*WORK INSTRUCTION*
Beginning at the line that contains "하나둘씩 선생님 곁으로", repeat each line exactly through the last one of the records below, and leave out the pictures.

- Opening Delimiter -

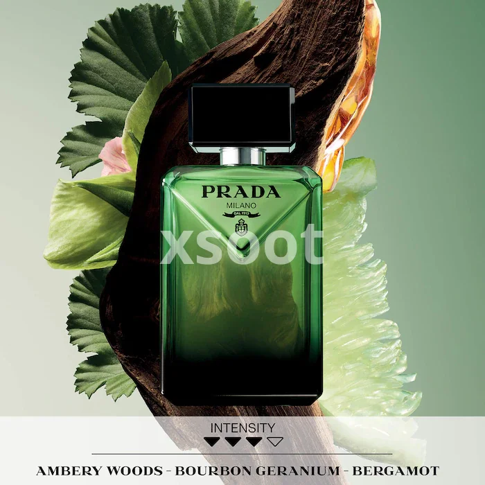 About the Bottle: This Prada men’s cologne bottle immediately invites curiosity. An architectural silhouette of radical elegance and an avant-garde statement through the tactile tilted Prada triangle. A bottle lacquered in an intense and alluring black to green gradation, the house’s iconic color.
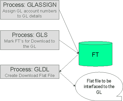 The GLS process creates FT download staging records for all FTs that are ready to be posted to the GL (the FT download staging records are stored on the FT/Process table). Each FT download staging record is marked with a batch process ID and run number.
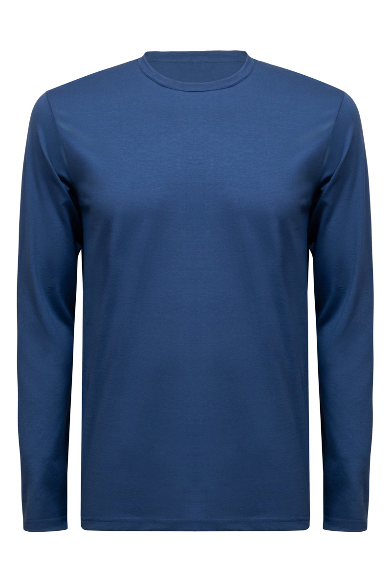 • Приталенный силуэт, Круглый, Однотонный, Синий
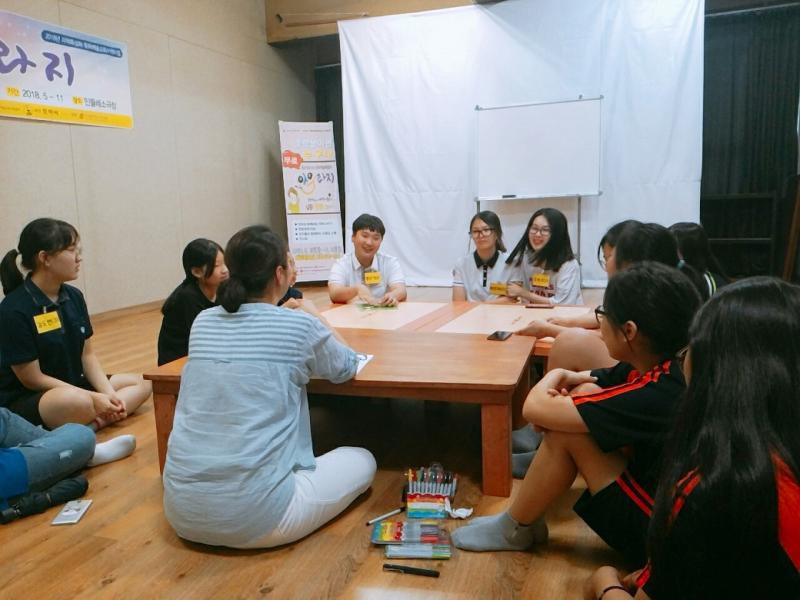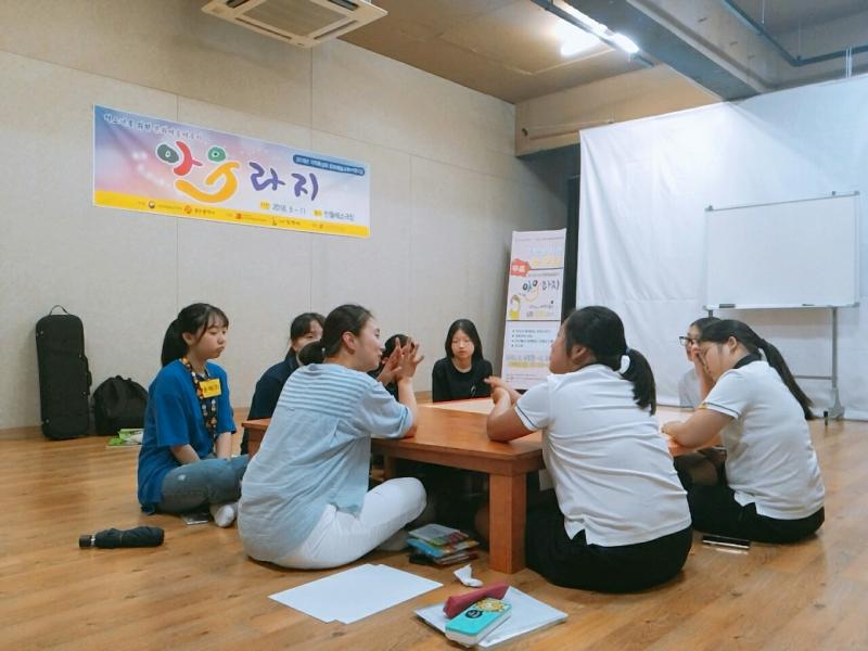 하나둘씩 선생님 곁으로 모인 청소년들은 오늘의 프로그램에 대해 호기심 어린 눈으로 바라보며, 연극이 익숙하다는 듯, 스스럼없이 자신의 의견을 표하고 선생님은 청소년의 의견을 거리낌 없이 수용하는 모습이 보인다.
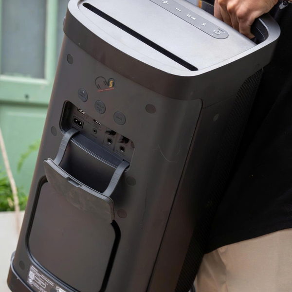 Kích thước & Trọng lượng: Loa có thiết kế dạng đứng với trọng lượng khoảng 11.2 kg. Dù khá nặng nhưng Sony đã tích hợp tay cầm chắc chắn giúp bạn có thể xách loa đi mọi nơi dễ dàng.

- Closing Delimiter -

*REPLY*
 하나둘씩 선생님 곁으로 모인 청소년들은 오늘의 프로그램에 대해 호기심 어린 눈으로 바라보며, 연극이 익숙하다는 듯, 스스럼없이 자신의 의견을 표하고 선생님은 청소년의 의견을 거리낌 없이 수용하는 모습이 보인다.
 Kích thước & Trọng lượng: Loa có thiết kế dạng đứng với trọng lượng khoảng 11.2 kg. Dù khá nặng nhưng Sony đã tích hợp tay cầm chắc chắn giúp bạn có thể xách loa đi mọi nơi dễ dàng.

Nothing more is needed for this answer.